Looking for The Lactivist? She's retired. But you CAN still find Jen blogging. These days, she's runs A Flexible Life. Join her for life, recipes, projects and the occasional rant.

Wednesday, February 28, 2007

I must admit it. I'm a total wannabe.

No, not wannabe lactivist you goon, I already AM a lactivist. I'm sort of a wanna be LC, but not really.

So what am I talking about?

I wanna be a midwife. Oh, how I wanna be a midwife. I'm absolutely fascinated by them. I've read most books that I can get my hands on that really delve into their every day life (Peggy Vincent's Baby Catcher is my absolute favorite) and I spend a great deal of my free time hosting the Childbirth Choices board over at Baby Center where I can dig up research, brainstorm with other readers and have great conversation about childbirth with a collection of moms, nurses, childbirth educators and doulas.

Basically, I'm a childbirth nut. (You might be surprised to know that I've way more obsessed with childbirth than I am with breastfeeding...)

Last night I had the chance to go and sit in on a meeting of a few midwives and their apprentices. They asked me to come to speak about milk banking. How could their clients become donors, when might their clients NEED donor milk, how the whole setup works and so on. It was a lot of fun and I could tell they really enjoyed getting the information. I, on the other hand was fascinated by the conversation before and after my little 'talk.' The stories of the latest deliveries, interesting new clients, new research, questions on how to handle complications. Just absolutely fascinated.

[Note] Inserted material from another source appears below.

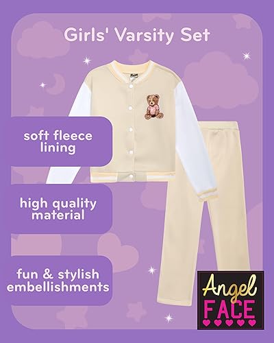Versatile Girls Pants Set for Everyday Style: This girls pants set includes a fleece varsity jacket and matching joggers for a sporty, coordinated look. Great for school, weekend plans, or casual lounging, this easy outfit fits right into any collection of girls outfits or girls two piece outfits. A great choice for building up girls activewear, this matching set balances style and ease for daily wear.

If I was living another life, I think I'd go for it.

Alas, I have two small children, two jobs that I love and not near enough time in my days. Apart from not having the time to pursue midwifery, I must also admit that the idea of that job also terrifies me. While birth nearly always "goes right" there are those instances where it doesn't. The idea of being responsible for two lives and for knowing when and how to react is so daunting to me. I have enormous amounts of respect for the women (and men) that do this.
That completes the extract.